**DESCRIPTION OF THE TASK**
Of the lines below, write out exactly those from the line with "États-Unis d'Amérique 1926: Hotel" through the line with "Chanel 21S White", both included, and skip the rest.
** RECORDS PROVIDED follows **
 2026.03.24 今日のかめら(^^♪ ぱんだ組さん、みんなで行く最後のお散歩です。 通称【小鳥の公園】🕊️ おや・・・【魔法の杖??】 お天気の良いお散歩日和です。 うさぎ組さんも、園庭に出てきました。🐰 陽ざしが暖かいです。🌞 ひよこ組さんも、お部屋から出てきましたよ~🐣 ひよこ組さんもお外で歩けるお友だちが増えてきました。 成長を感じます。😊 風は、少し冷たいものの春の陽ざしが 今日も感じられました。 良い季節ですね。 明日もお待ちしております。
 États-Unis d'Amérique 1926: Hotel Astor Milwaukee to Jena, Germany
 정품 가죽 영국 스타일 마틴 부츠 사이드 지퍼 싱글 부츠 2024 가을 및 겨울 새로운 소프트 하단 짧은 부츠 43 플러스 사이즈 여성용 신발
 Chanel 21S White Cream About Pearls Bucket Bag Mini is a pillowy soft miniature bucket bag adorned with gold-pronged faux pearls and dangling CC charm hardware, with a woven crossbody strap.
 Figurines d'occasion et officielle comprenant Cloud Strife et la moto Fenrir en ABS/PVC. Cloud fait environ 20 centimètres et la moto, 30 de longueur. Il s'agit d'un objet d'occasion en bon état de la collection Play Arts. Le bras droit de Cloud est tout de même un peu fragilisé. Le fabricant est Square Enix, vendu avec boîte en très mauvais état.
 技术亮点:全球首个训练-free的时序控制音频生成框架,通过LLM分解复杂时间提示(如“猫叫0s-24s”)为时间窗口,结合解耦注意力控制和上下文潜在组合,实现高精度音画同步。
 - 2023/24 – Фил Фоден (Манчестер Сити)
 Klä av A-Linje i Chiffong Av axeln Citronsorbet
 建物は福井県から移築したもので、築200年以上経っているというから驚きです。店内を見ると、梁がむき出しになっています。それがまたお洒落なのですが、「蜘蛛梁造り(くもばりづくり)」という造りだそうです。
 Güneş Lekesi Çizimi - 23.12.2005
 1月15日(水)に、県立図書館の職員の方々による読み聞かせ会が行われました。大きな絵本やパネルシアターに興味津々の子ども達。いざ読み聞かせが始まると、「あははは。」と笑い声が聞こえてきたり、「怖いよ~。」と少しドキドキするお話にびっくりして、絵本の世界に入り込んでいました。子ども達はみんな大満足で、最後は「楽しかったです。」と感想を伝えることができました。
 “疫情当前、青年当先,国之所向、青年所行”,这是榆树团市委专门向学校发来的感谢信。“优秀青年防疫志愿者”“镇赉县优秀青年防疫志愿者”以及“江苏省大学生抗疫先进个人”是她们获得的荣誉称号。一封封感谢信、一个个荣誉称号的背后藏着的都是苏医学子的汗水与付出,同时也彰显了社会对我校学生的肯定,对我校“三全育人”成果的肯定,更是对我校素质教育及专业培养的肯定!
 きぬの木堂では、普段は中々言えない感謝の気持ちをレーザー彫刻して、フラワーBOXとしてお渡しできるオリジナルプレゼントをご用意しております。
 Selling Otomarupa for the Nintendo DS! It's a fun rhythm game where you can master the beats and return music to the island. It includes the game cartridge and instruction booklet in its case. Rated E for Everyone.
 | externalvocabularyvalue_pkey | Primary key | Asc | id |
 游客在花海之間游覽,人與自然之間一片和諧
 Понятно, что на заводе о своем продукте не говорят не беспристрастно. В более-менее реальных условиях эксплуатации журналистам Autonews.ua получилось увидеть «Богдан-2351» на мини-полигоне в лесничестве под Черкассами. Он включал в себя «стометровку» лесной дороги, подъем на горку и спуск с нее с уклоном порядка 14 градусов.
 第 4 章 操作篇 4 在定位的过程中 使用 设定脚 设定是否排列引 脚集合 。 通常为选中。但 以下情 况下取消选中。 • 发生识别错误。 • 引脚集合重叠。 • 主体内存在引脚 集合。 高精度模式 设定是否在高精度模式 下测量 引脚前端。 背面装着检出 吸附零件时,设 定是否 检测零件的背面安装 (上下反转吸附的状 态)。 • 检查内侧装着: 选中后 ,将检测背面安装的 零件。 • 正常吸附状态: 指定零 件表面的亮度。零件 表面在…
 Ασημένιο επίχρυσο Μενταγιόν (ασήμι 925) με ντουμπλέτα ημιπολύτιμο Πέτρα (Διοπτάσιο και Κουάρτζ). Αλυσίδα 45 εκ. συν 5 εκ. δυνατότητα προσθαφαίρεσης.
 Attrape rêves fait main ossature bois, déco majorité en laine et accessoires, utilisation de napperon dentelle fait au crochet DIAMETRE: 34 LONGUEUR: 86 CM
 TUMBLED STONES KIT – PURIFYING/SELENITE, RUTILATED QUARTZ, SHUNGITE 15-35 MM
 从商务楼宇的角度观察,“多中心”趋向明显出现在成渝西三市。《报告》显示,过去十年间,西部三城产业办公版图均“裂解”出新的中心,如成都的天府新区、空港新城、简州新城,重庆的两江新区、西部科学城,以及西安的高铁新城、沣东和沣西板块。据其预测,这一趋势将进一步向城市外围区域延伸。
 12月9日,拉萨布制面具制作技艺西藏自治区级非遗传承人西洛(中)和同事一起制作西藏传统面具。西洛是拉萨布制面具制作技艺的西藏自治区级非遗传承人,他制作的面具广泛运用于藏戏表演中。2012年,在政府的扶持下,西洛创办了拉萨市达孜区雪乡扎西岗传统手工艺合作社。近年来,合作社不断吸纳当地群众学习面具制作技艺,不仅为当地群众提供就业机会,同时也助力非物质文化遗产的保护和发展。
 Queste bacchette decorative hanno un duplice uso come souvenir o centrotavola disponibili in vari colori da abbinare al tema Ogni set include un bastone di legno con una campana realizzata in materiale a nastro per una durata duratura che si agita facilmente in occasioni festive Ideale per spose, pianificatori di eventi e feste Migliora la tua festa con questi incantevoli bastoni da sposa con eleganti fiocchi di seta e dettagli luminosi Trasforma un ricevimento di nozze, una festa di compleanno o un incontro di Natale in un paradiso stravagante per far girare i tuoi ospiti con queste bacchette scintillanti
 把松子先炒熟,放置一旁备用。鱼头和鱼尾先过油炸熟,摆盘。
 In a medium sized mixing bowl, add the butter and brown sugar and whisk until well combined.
** End of RECORDS PROVIDED **
**ANSWER TO THIS EXERCISE**
 États-Unis d'Amérique 1926: Hotel Astor Milwaukee to Jena, Germany
 정품 가죽 영국 스타일 마틴 부츠 사이드 지퍼 싱글 부츠 2024 가을 및 겨울 새로운 소프트 하단 짧은 부츠 43 플러스 사이즈 여성용 신발
 Chanel 21S White Cream About Pearls Bucket Bag Mini is a pillowy soft miniature bucket bag adorned with gold-pronged faux pearls and dangling CC charm hardware, with a woven crossbody strap.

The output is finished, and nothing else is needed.